▶ _WHAT YOU SHOULD DO_
Word for word, transcribe the listing that follows, minus any pictures.

▶ _SUPPLIED MATERIAL_
== Segment start ==

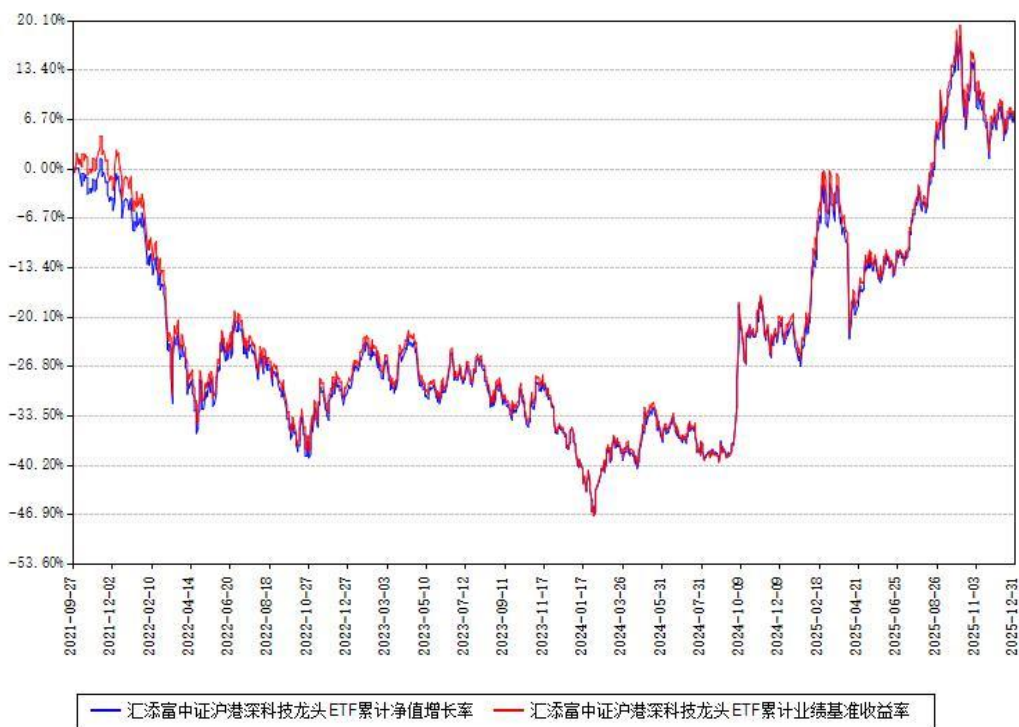
汇添富中证沪港深科技龙头ETF累计净值增长率与同期业绩比较基准收益率对比图

注：本基金建仓期为本《基金合同》生效之日（2021年09月27日）起6个月，建仓期结束时各项资产配置比例符合合同约定。
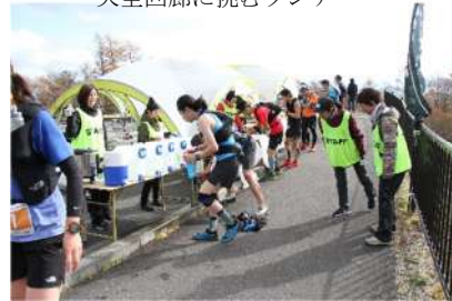
園地内に設置されたエイドステーション

40 km コースは霧降高原キスゲ平園地を経て、標高 1689 m の丸山山頂を越えるコースとなり、スタート・ゴール地点との標高差約 1000 m の厳しい山岳レースとなりました。

== Segment end ==

▶ _ANSWER TO THE EXERCISE_
汇添富中证沪港深科技龙头ETF累计净值增长率与同期业绩比较基准收益率对比图

注：本基金建仓期为本《基金合同》生效之日（2021年09月27日）起6个月，建仓期结束时各项资产配置比例符合合同约定。
園地内に設置されたエイドステーション

40 km コースは霧降高原キスゲ平園地を経て、標高 1689 m の丸山山頂を越えるコースとなり、スタート・ゴール地点との標高差約 1000 m の厳しい山岳レースとなりました。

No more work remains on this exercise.